La passion selon Manon

Le plaidoyer de des Grieux est très habile, puisqu'il repose sur une idéalisation de sa liaison, traduite selon le code rhétorique classique de la passion tragique. La cavalcade à Saint-Denis avec Manon devient ainsi « l'ascendant de ma destinée qui m'entraînait à ma perte ». Cette fatalité revendiquée, qui se nourrit de discours idéologiques absolument contradictoires (code de l'honneur, libertinage d'esprit ou encore arguments de picaro où la tricherie est érigée en morale universelle), est censée dédouaner le « jeune aveugle », rompu à l'art d'apitoyer ses interlocuteurs. Une des grandes innovations du roman est la présence contiguë des discours passionnés de des Grieux et des détails les plus prosaïques (l'argent, les objets du quotidien, les vêtements), voire ignobles (l'avidité des archers, l'enfermement à l'hôpital, prison des prostituées et des mendiants). Le croisement de ces deux registres dote le texte d'étranges effets de grotesque (des Grieux quittant l'hôpital sans culotte, ou surpris en chemise par le vieux M. de G. M.) que Prévost ne cessera d'exploiter dans ses autres romans. Le rôle comique dévolu à Tiberge (sorte d'amoureux éconduit par le chevalier, réduit à servir d'intermédiaire entre le couple et Lescaut), n'est pas le moins ambigu.

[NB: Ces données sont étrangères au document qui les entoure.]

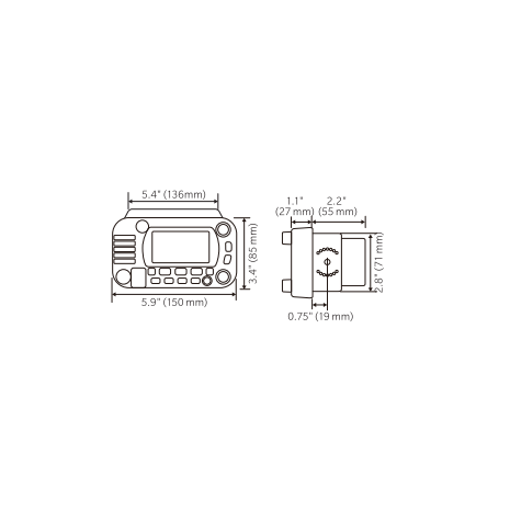 Mounting a VHF radio has never been easier. The Explorer Series VHF's have an ultra thin, compact rear case, only 3.3” in depth or half the depth of comparable VHF radios on the market. The rear case design also gives flexibility when flush mounting the radio in tight areas or bracket mounting the radio by taking up less dash space, and allowing more mounting options.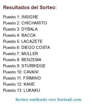 Lista de participantes: FIRMINO, BENZEMA, DYBALA, CAVANI, DIEGO COSTA, MULLER, LACAZETE, LUKAKU, KANE, BACCA, CHICHARITO, INSIGNE, STURRIDGE.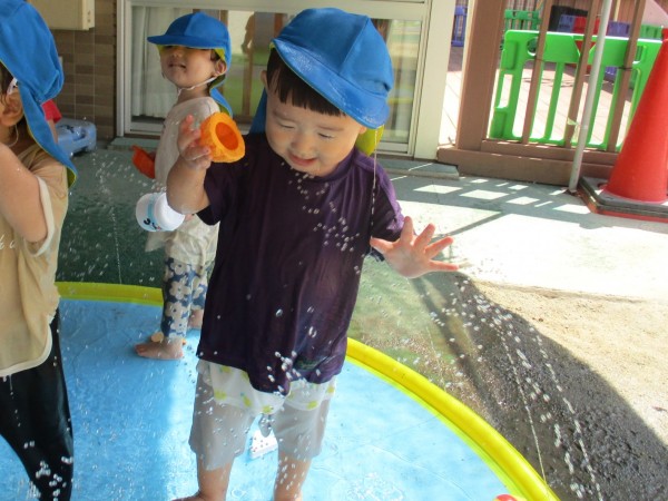 こどもの家・志木中宗岡 あひる組(1歳児)シャワーマットで水遊び!!

Et Manon dans tout cela ? Ce récit d'une passion, érigé sur un deuil, est monopolisé par la parole de Des Grieux (peu suspect de sincérité), ce qui a pour conséquence la réduction de Manon Lescaut à un mythique « mystère féminin », auréolé des épithètes tragiques (perfide) ou des périphrases galantes (« c'était l'air de l'Amour même »). Ce discours-écran ne doit pas faire oublier que le seul personnage du couple à adopter une conduite logique est bien Manon, détentrice d'une parole-acte qui contraste radicalement avec la logorrhée doloriste et complaisante de son amant, par exemple dans l'épisode du parloir de Saint-Sulpice. Prévost met ainsi à mal le mythe de la grande passion décliné par un sujet masculin qui reste prisonnier des codes culturels de sa caste : « Tous mes sentiments n'étaient qu'une alternative perpétuelle de haine et d'amour, d'espérance ou de désespoir, selon l'idée sous laquelle Manon s'offrait à mon esprit. Tantôt je ne considérais en elle que la plus aimable de toutes les filles et je languissais du désir de la revoir ; tantôt je n'y apercevais qu'une lâche et perfide maîtresse et je faisais mille serments de ne la chercher que pour la punir. » De même que sa contemporaine Mme de Tencin, Prévost manifeste dans ses fictions une tendance à situer l'héroïsme romanesque du côté du féminin. La force de Manon Lescaut vient sans doute de la rencontre de ces deux manifestations différentes d'un amour fou et d'une déchéance partagée – avec, pour le seul des Grieux, la promesse d'une rédemption sociale.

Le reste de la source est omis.